The Dean said something to Babberly, but the crowd had begun the fourth verse of the hymn, and we could not hear what he said. I got up and shut both windows. The atmosphere of our committee-room was hot, and likely to become hotter; but it is better to do business in a Turkish bath than not to do it at all. There was plainly no use our talking to each other unless we were able to hear. My action gave Babberly time to regain his temper.

"I apologize," he said. "I apologize to all of you, and especially to you, Mr. Dean, for an intemperate and uncalled-for exclamation."

The Dean sat down. The pulse in his forehead was still throbbing, but the irises of his eyes ceased to look like bulls' eyes in the middle of targets.

"I have been a consistent supporter of the Union," said Babberly, "for twenty years. In season and out of season I have upheld the cause we have at heart on English platforms and in the House of Commons. I know better than you do, gentlemen, what the temper of the English people is. I know that we shall sacrifice their friendship and alienate their sympathy if we resort to the argument of lawlessness and violence."

"It's the only argument they ever listen to," said McNeice. "Look at the Nationalists. What arguments did they use?"

"Gentlemen," said Babberly, "are you going to ask Ulstermen to fire on the King's troops?"

"I reckon," said Conroy, "that we mean to use our guns now we've got them."

Babberly made a curious gesture with his hands. He flung them out from him with the palms upwards and then sat down. McNeice rose next.

"For the last two years," he said, "we've been boasting that we meant to resist Home Rule with force if necessary. That's so, isn't it?"

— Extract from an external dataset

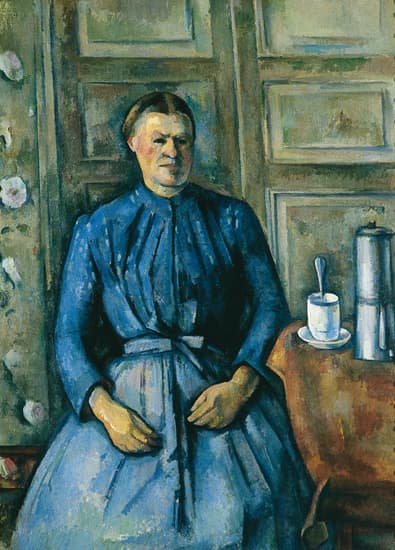 Alors, il éclaircit sa palette, raccourcit sa touche et commence à substituer l'étude des tons au modelé (la Maison du pendu, Auvers-sur-Oise, 1873), réservant l'analyse psychologique aux autoportraits et la rigueur constructive aux portraits (la Femme à la cafetière, v. 1895 ; Madame Cézanne au fauteuil rouge, 1877).

Malcolmson growled an a.s.sent.

"English politicians and Irish rebels said we were bluffing. Our own people--the men outside there in the street--thought we were in earnest. The English went on with their Bill. Our people drilled and got rifles. Which of the two was right about us? Were we bluffing or were we in earnest? We've got to answer that question to-morrow, and we'll never get another chance. If we don't fight now, we'll never fight, for there won't be a man left in Ulster that will believe in us again. I don't know that there's any more to be said. I propose that Lord Moyne puts the question to the meeting and takes a vote."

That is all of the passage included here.